CoreLogic data reveals the median house price in Melbourne is $695,000 by week ending November 22 and the median unit price is $564,000.
The impact of Queensland’s handling of the COVID pandemic on the property market cannot be overstated.
The property market was naturally moving towards virtual tours and online settlements before the pandemic, but most purchasers still want to inspect their potential new home in person. So, while transactions stalled in March and April, by May restrictions started easing and sale numbers began to pick up the pace.
Brisbane’s inner and middle rings are once again where the main activity has occurred. Off-market sales are on the rise as limited stock levels outstrip buyer interest. In reality, a well-connected buyer’s agent is essential if you’re looking for a property and want to beat some heavy competition.
In the most recent two to three months, agents are reporting strong interest in ‘lifestyle’ properties – waterfront or tree-change properties that deliver a quality of life focus. The pandemic has brought into sharp relief the idea of home as sanctuary and agents are consistently reporting buyer interest is in homes that have space and clearly delineated areas for work and relaxation. This has fed demand further afield and toward the beaches. Some notable results for the Sunshine State include auction clearance rate data from CoreLogic, which shows the Gold Coast and Sunshine Coast achieving a clearance rate of 62.5 per cent and 69.2 per cent respectively. This is substantially higher than the state average which usually overs around 40 per cent or so.
As the year draws to a close, it’s likely Brisbane’s city suburbs will see a modest lift in median house prices. This is an extraordinary result that few would have thought possible in March or April of this year.
CoreLogic year-to-date data shows Brisbane home values are up 2.3 per cent, a strong result and leading all capital cities, except Adelaide which has shown 4.2 per cent growth.
At the close of the week ending November 22, the Brisbane median house price was $529,000, based on 889 sales and unit price was $412,000 from 227 sales.
The great Australian dream is alive and well still and if you’ve retained your job and taken advantage of the savings during this time, then you could be well positioned indeed to make that 1st or next purchase.
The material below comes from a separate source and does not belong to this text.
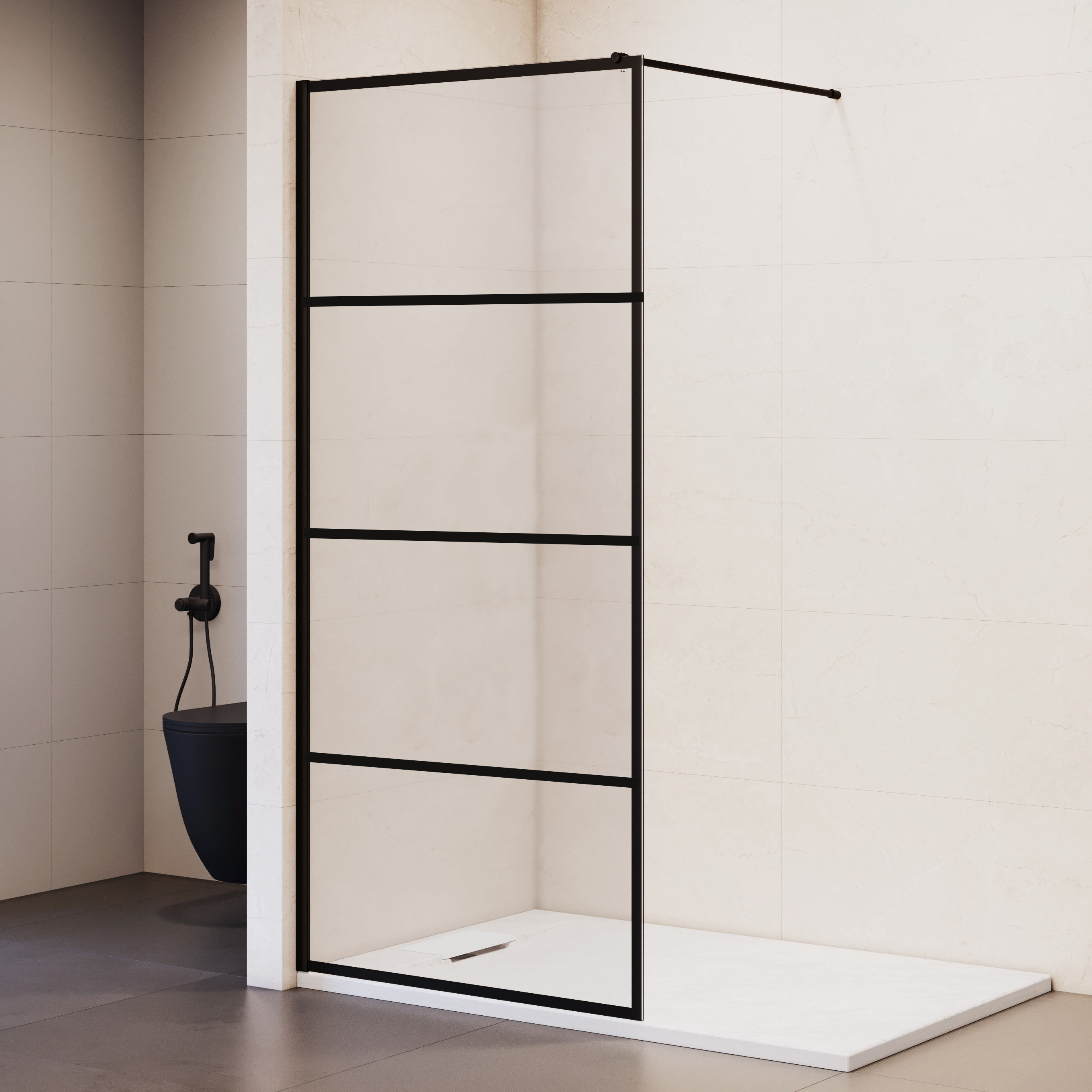 Перегородка оснащена прозрачным закаленным стеклом толщиной 8 мм, которое не только визуально расширяет пространство, но и придает современный и элегантный вид. Благодаря своей прочности, закаленное стекло обеспечивает высокий уровень безопасности и долговечности, что делает перегородку идеальным выбором для использования в ванной комнате.

But if you are thinking of this and want to “wait to see what happens” then I’d hazard against this approach as the State and Federal governments have made it clear that the Australian economic recovery will focus on jobs and a key component to this is housing and with the low interest rates here to stay for a long while, then I believe that the next few years could represent good times for all of our housing markets.